Hypothesis

Stabilizing mitochondrial inner‑membrane cristae blocks minority mitochondrial outer membrane permeabilization (miMOMP), thereby preventing cytosolic mtDNA release and downstream cGAS‑STING‑mediated inflammaging without compromising basal ATP production.

Mechanistic Rationale

Cristae architecture regulates the accessibility of BAX/BAK to the outer membrane. Tight cristae junctions, maintained by OPA1 and the MICOS complex, sequester cytochrome c and limit BAK oligomerization, reducing the probability of miMOMP【https://pmc.ncbi.nlm.nih.gov/articles/PMC12620326】. When cristae remodel upon stress, junctions widen, allowing BAX/BAK to accumulate at contact sites and trigger miMOMP, releasing mtDNA into the cytosol where it activates cGAS‑STING and drives the SASP【https://doi.org/10.1101/gad.331272.119】. Pharmacologic agents that reinforce cristae (e.g., SS‑31 peptide or OPA1‑activating small molecules) should therefore raise the threshold for miMOMP, attenuating inflammaging while preserving oxidative phosphorylation.

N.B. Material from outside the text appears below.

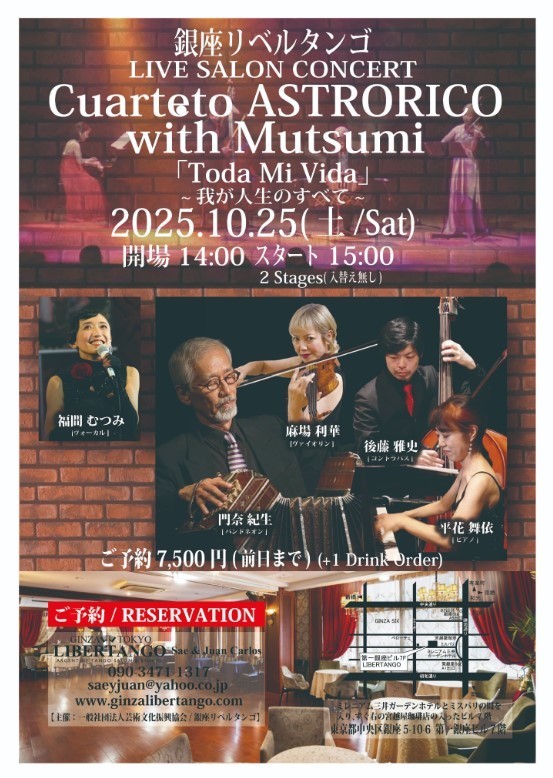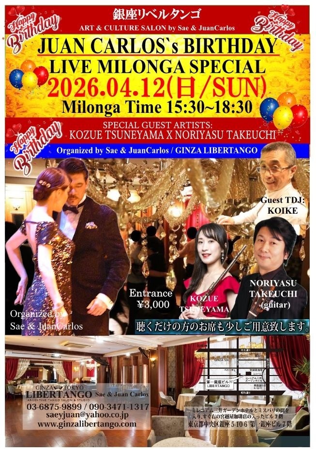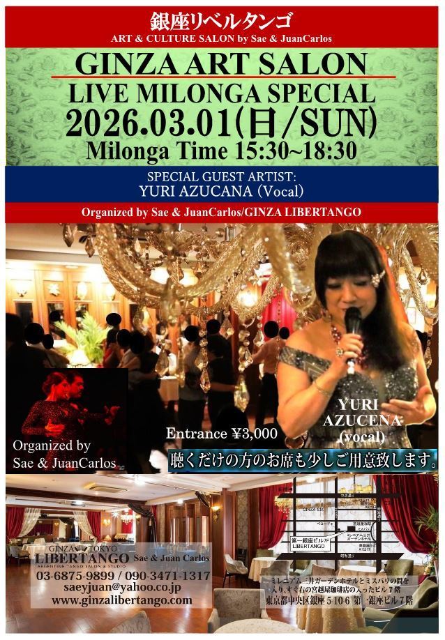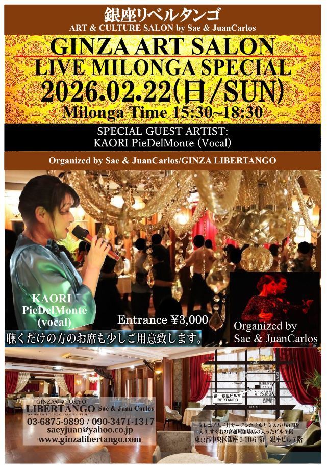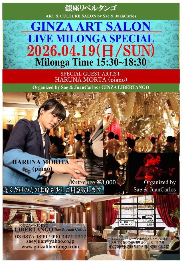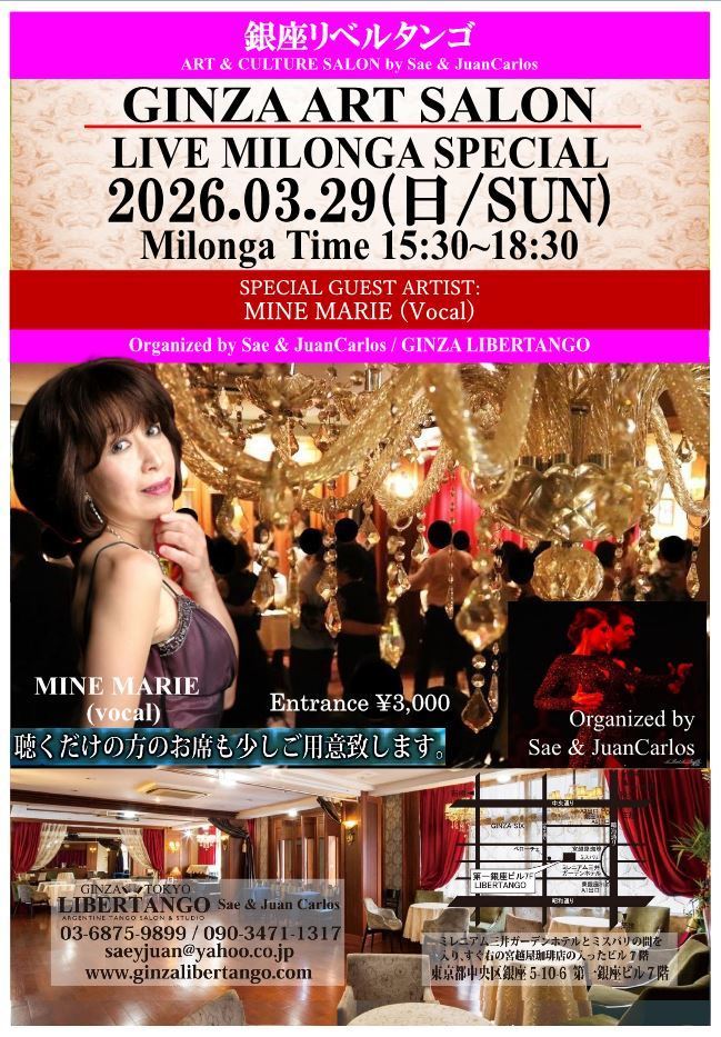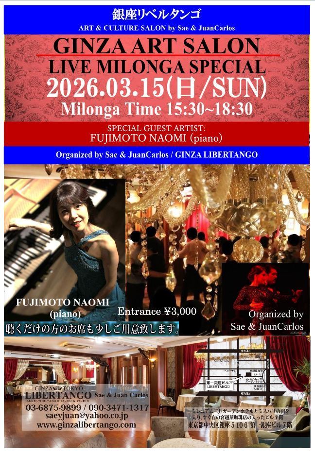 ◆ミロンガ(ダンスパーティー)で生演奏が入る場合はライブミロンガとの記載になります。*ダンスがメインになるレイアウトですが、聴く方の為に演奏家の前にお席を設けますのでご予約の際にお気軽にお申し付け下さいませ。

This idea extends the observation that ρ0 cells lacking mtDNA do not senesce【https://pmc.ncbi.nlm.nih.gov/articles/PMC12727128】by suggesting that the presence of mtDNA is only pathogenic when it can escape via miMOMP, a process gated by cristae state. It also reconciles why some models show high mtDNA mutation loads without respiratory decline【https://www.sciencedaily.com/releases/2025/05/250527135239.htm】: the mutations matter less than the membrane dynamics that permit their release.

Experimental Design

1. Cell model – Primary human dermal fibroblasts induced to senesce by low‑dose etoposide (10 µM, 24 h).
2. Intervention – Treat parallel cultures with SS‑31 (1 µM) or an OPA1‑activating compound (e.g., BGP‑15) versus vehicle control.
3. Readouts (48 h post‑treatment):
   • Cytosolic mtDNA measured by qPCR of mitochondrial genes in the cytosolic fraction【https://doi.org/10.15252/embj.201592862】.
   • cGAMP levels via ELISA.
   • SASP cytokine secretion (IL‑6, IL‑8) by Luminex.
   • Senescence markers (SA‑β‑gal, p16^INK4a^).
   • Mitochondrial respiration (Seahorse OCR) to confirm ATP production is unchanged.
4. Controls – ρ0 fibroblasts (mtDNA‑depleted) to verify assay specificity; BAX/BAK double‑KO cells to confirm miMOMP dependence.

Predicted Outcomes and Falsifiability

If cristae stabilization raises the miMOMP threshold, we expect:

• Significant reduction in cytosolic mtDNA (≥50 % drop vs control).
• Corresponding decrease in cGAMP and SASP cytokines.
• Lower SA‑β‑gal and p16 expression, indicating attenuated senescence.
• Basal OCR and ATP‑linked respiration remain within 10 % of vehicle‑treated cells.

Conversely, if SS‑31 or OPA1 activation fails to lower cytosolic mtDNA or SASP despite verified cristae tightening (assessed by EM or MT‑GFP microscopy), the hypothesis is falsified. Likewise, if inflammaging is suppressed but ATP production collapses, the claim that the intervention specifically uncouples inflammaging from bioenergetic failure would be unsupported.

Broader Implication

Targeting cristae stability offers a tractable upstream lever to modulate the mitochondrial DNA‑driven arm of aging, complementing nuclear‑centric approaches and providing a testable node where mito‑nuclear crosstalk converges on the innate immune axis.